Chat completion models

The following models support POST SERVER_URL/openai/deployments/DEPLOYMENT_NAME/chat/completions endpoint along with an optional support of POST /tokenize and POST /truncate_prompt endpoints:

Note that a model supports /truncate_prompt endpoint if and only if it supports max_prompt_tokens request parameter.

Vendor	Model	Deployment name	Modality	`/tokenize`	`/truncate_prompt`, `max_prompt_tokens`	tools/functions
Anthropic	Claude 3.5 Sonnet	[us.\|eu.]anthropic.claude-3-5-sonnet-20240620-v1:0	text-to-text, image-to-text	🟡	🟡	✅
Anthropic	Claude 3.5 Sonnet 2.0	[us.]anthropic.claude-3-5-sonnet-20241022-v2:0	text-to-text, image-to-text	🟡	🟡	✅
Anthropic	Claude 3 Sonnet	[us.\|eu.]anthropic.claude-3-sonnet-20240229-v1:0	text-to-text, image-to-text	🟡	🟡	✅
Anthropic	Claude 3 Haiku	[us.\|eu.]anthropic.claude-3-haiku-20240307-v1:0	text-to-text, image-to-text	🟡	🟡	✅
Anthropic	Claude 3 Opus	[us.]anthropic.claude-3-opus-20240229-v1:0	text-to-text, image-to-text	🟡	🟡	✅
Anthropic	Claude 2.1	anthropic.claude-v2:1	text-to-text	✅	✅	✅
Anthropic	Claude 2	anthropic.claude-v2	text-to-text	✅	✅	❌
Anthropic	Claude Instant 1.2	anthropic.claude-instant-v1	text-to-text	🟡	🟡	❌
Meta	Llama 3.1 405B Instruct	meta.llama3-1-405b-instruct-v1:0	text-to-text	🟡	🟡	❌
Meta	Llama 3.1 70B Instruct	meta.llama3-1-70b-instruct-v1:0	text-to-text	🟡	🟡	❌
Meta	Llama 3.1 8B Instruct	meta.llama3-1-8b-instruct-v1:0	text-to-text	🟡	🟡	❌
Meta	Llama 3 Chat 70B Instruct	meta.llama3-70b-instruct-v1:0	text-to-text	🟡	🟡	❌
Meta	Llama 3 Chat 8B Instruct	meta.llama3-8b-instruct-v1:0	text-to-text	🟡	🟡	❌
Meta	Llama 2 Chat 70B	meta.llama2-70b-chat-v1	text-to-text	🟡	🟡	❌
Meta	Llama 2 Chat 13B	meta.llama2-13b-chat-v1	text-to-text	🟡	🟡	❌
Stability AI	SDXL 1.0	stability.stable-diffusion-xl-v1	text-to-image	❌	🟡	❌
Stability AI	SD3 Large 1.0	stability.sd3-large-v1:0	text-to-image / image-to-image	❌	🟡	❌
Stability AI	Stable Image Ultra 1.0	stability.stable-image-ultra-v1:0	text-to-image	❌	🟡	❌
Stability AI	Stable Image Core 1.0	stability.stable-image-core-v1:0	text-to-image	❌	🟡	❌
Amazon	Titan Text G1 - Express	amazon.titan-tg1-large	text-to-text	🟡	🟡	❌
AI21 Labs	Jurassic-2 Ultra	ai21.j2-jumbo-instruct	text-to-text	🟡	🟡	❌
AI21 Labs	Jurassic-2 Ultra v1	ai21.j2-ultra-v1	text-to-text	🟡	🟡	❌
AI21 Labs	Jurassic-2 Mid	ai21.j2-grande-instruct	text-to-text	🟡	🟡	❌
AI21 Labs	Jurassic-2 Mid v1	ai21.j2-mid-v1	text-to-text	🟡	🟡	❌
Cohere	Command	cohere.command-text-v14	text-to-text	🟡	🟡	❌
Cohere	Command Light	cohere.command-light-text-v14	text-to-text	🟡	🟡	❌

✅, 🟡, and ❌ denote degrees of support of the given feature:

	`/tokenize`, `/truncate_prompt`, `max_prompt_token`	tools/functions
✅	Fully supported via an official tokenization algorithm	Fully supported via native tools API or official prompts to enable tools
🟡	Partially supported, because tokenization algorithm wasn't made public by the model vendor.
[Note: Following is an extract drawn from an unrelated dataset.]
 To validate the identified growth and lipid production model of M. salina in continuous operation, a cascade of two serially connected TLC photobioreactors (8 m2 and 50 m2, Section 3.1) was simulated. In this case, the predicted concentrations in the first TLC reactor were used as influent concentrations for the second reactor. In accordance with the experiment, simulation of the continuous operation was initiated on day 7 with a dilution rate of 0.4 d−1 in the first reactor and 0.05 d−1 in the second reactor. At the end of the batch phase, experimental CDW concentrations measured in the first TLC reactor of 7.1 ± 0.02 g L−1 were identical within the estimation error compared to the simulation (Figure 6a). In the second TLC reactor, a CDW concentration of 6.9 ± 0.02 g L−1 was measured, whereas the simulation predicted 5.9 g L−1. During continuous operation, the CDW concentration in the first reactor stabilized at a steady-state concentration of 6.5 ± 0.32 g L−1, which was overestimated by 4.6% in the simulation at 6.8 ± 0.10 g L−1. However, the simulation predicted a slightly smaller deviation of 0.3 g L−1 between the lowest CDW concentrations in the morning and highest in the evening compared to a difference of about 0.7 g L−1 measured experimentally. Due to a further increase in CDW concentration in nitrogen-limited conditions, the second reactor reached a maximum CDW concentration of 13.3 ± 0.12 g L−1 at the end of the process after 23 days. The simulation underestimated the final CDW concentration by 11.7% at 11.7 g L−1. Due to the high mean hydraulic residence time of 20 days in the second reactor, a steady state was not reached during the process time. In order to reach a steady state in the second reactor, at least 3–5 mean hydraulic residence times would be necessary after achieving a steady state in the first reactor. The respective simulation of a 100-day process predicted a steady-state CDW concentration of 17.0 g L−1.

An approximate tokenization algorithm is used instead. It conservatively counts every byte in UTF-8 encoding of a string as a single token.	Partially supported, because the model doesn't support tools natively. Prompt engineering is used instead to emulate tools, which may not be very reliable.
❌	Not supported	Not supported

Embedding models

The following models support SERVER_URL/openai/deployments/DEPLOYMENT_NAME/embeddings endpoint:

Model	Deployment name	Modality
Titan Multimodal Embeddings Generation 1 (G1)	amazon.titan-embed-image-v1	image/text-to-embedding
Amazon Titan Text Embeddings V2	amazon.titan-embed-text-v2:0	text-to-embedding
Titan Embeddings G1 – Text v1.2	amazon.titan-embed-text-v1	text-to-embedding
Cohere Embed English	cohere.embed-english-v3	text-to-embedding
Cohere Multilingual	cohere.embed-multilingual-v3	text-to-embedding

Developer environment

This project uses Python>=3.11 and Poetry>=1.6.1 as a dependency manager.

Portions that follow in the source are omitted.